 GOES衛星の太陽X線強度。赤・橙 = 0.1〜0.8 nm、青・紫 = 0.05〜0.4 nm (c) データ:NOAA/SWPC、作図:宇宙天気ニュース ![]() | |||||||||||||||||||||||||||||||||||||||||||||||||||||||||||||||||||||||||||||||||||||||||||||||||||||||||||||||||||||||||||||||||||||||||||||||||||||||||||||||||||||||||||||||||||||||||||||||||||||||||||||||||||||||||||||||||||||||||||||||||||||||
- - - - -
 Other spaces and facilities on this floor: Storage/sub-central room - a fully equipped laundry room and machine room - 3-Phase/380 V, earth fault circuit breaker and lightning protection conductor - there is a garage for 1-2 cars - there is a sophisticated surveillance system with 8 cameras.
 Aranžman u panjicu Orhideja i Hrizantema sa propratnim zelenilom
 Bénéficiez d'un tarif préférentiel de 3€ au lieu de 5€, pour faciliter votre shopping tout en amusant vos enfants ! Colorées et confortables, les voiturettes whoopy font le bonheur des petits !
- - - - -
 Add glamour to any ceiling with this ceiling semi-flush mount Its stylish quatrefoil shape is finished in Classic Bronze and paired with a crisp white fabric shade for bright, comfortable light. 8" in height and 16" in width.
- - - - -
→ Action item: Please output the lines of the listing above that fall in the stretch from the one with "Aranžman u panjicu" through the one with "Bénéficiez d'un tarif", exactly and only those.

→ Final answer:
 Aranžman u panjicu Orhideja i Hrizantema sa propratnim zelenilom
 Bénéficiez d'un tarif préférentiel de 3€ au lieu de 5€, pour faciliter votre shopping tout en amusant vos enfants ! Colorées et confortables, les voiturettes whoopy font le bonheur des petits !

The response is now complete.